Ou alors, avaient-ils été envahis par des êtres qui s’étaient joués des traîtrises du labyrinthe et qui les avaient massacrés dans leur brillant enclos ; après quoi les nettoyeurs automatiques avaient balayé et aspiré leurs ossements ? Il n’y avait aucun moyen de savoir ce qui s’était passé. Ils avaient disparu ; quand Muller avait pénétré dans leur cité, il l’avait trouvée silencieuse et désolée comme si aucun être vivant ne l’avait jamais habitée ; une ville automatisée, stérile, parfaite. Seules des bêtes en étaient les occupants. Elles avaient eu un million d’années pour découvrir leur chemin à travers les enchevêtrements du labyrinthe et en prendre possession. Muller avait dénombré à peu près deux douzaines d’espèces de mammifères dont la taille variait entre l’équivalent d’un rat jusqu’à l’éléphant. Il y avait les herbivores qui broutaient l’herbe des jardins et les carnivores qui les chassaient ; et l’équilibre écologique semblait parfait. En fait, cette cité ressemblait à la Babylone décrite par Isaïe : « Les animaux sauvages du désert s’y reposeront ; et leurs tanières seront pleines de créatures plaintives ; et les hiboux habiteront en ces lieux et les satyres y danseront. »

À présent, la cité était à lui.
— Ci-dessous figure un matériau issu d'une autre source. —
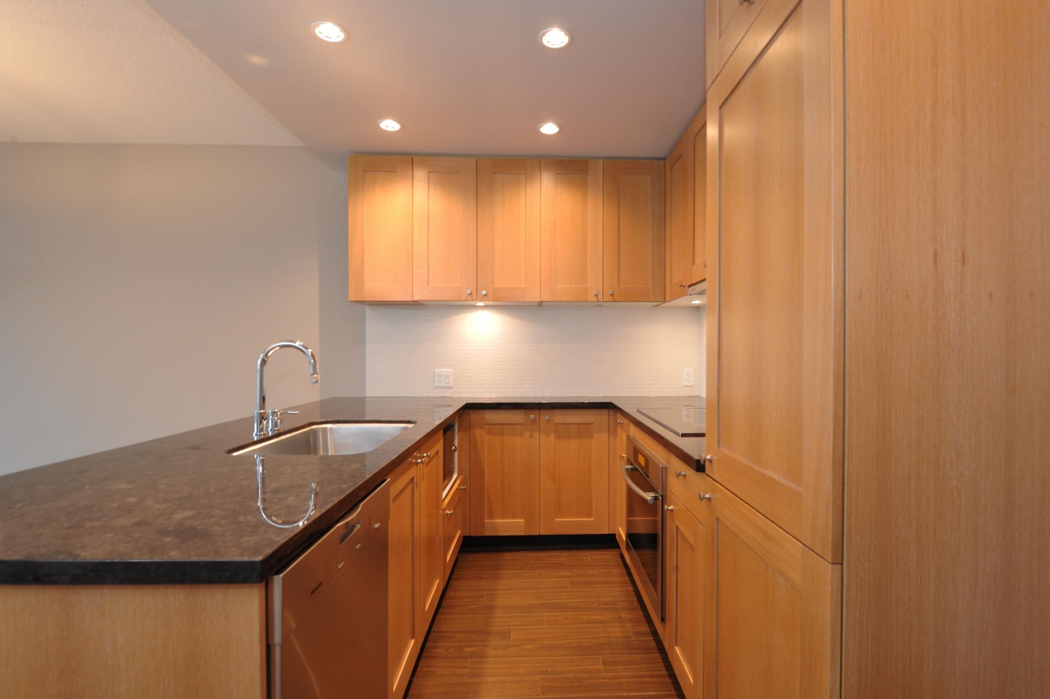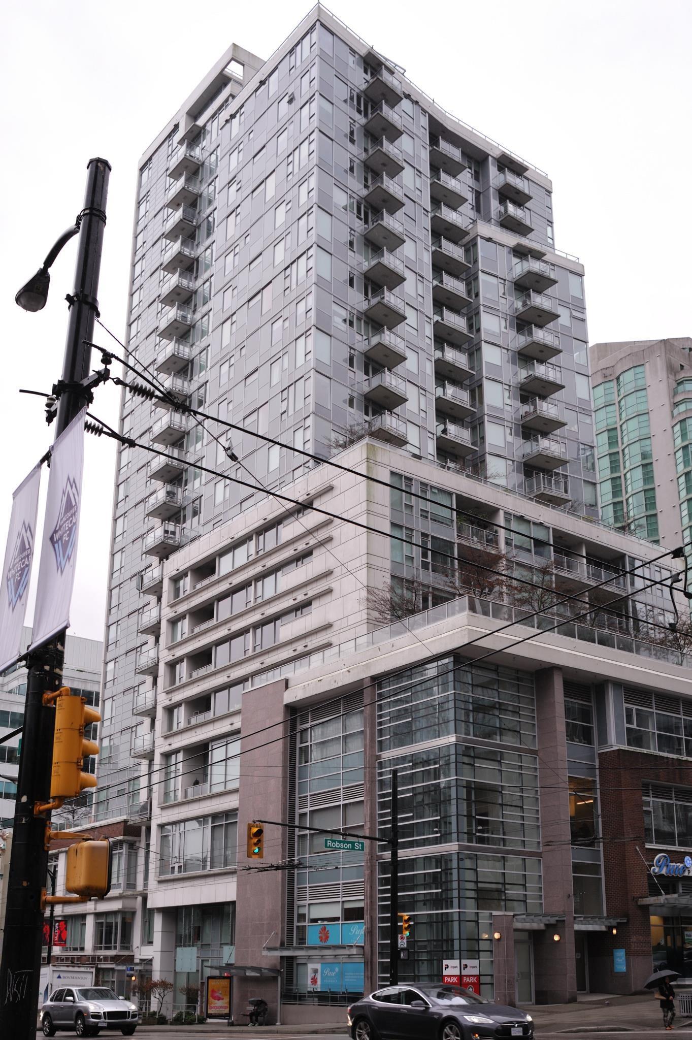 Lovely finishings in centrally located Raffles on Robson, conveniently located on the corner of Cambie St. & Robson St. Open kitchen with granite counters and high end appliances, hardwood floors and spacious bathroom with luxurious separate tub & shower. Live the downtown lifestyle, with Robson St., groceries, cafes, restaurants and arena all within blocks of your front door. No pets, no smoking, 1 year lease; month-to-month thereafter.

Il avait le reste de son existence pour essayer de percer ses mystères.

D’autres êtres intelligents étaient déjà venus avant lui et, parmi eux, tous n’étaient pas des hommes. En entrant dans le labyrinthe, Muller avait tout de suite vu ce qu’il en coûtait de se tromper. Tout au long de son laborieux cheminement il avait répertorié plusieurs squelettes humains dans les zones H, G et F ; trois hommes étaient arrivés jusqu’en E et un seul avait atteint D. Muller était au courant des précédentes tentatives, restées infructueuses, et il s’était attendu à ce spectacle ; ce qui l’avait étonné, c’était la collection d’ossements non humains. En H et G, il avait trouvé les restes de créatures immenses, plus ou moins semblables à des dragons, sur lesquels pendaient encore des lambeaux de tenues de voyages intersidéraux. Un jour peut-être la curiosité triompherait-elle de sa peur et il retournerait là-bas pour étudier plus en détail ces dépouilles étranges. Plus près de l’épicentre, encore d’autres cadavres ; ceux-là semblaient être des humanoïdes, bien que n’en présentant pas toutes les caractéristiques, ou alors sous une forme éloignée. Muller ne pouvait savoir depuis combien de temps ils gisaient ainsi, exposés à tous les vents : même dans ce climat sec, se pouvait-il qu’un squelette dure plus de quelques siècles ? Ces restes si différents les uns des autres constituaient la preuve concrète de quelque chose que Muller soupçonnait depuis longtemps : l’univers était largement peuplé ; si aucune autre forme de vie intelligente n’avait été découverte pendant les deux derniers siècles, depuis que les hommes avaient commencé à sortir du système solaire, cela n’était qu’une question de temps ; un jour ou l’autre il y aurait une rencontre. Les ossements qui meublaient le pavement des galeries du labyrinthe appartenaient à au moins une douzaine d’espèces différentes les unes des autres. Dans une certaine mesure, l’orgueil de Muller était flatté de constater qu’apparemment il avait été le seul à atteindre le cœur de ce dédale inextricable ; mais d’apprendre qu’une multitude d’êtres peuplaient l’univers ne lui plaisait qu’à moitié.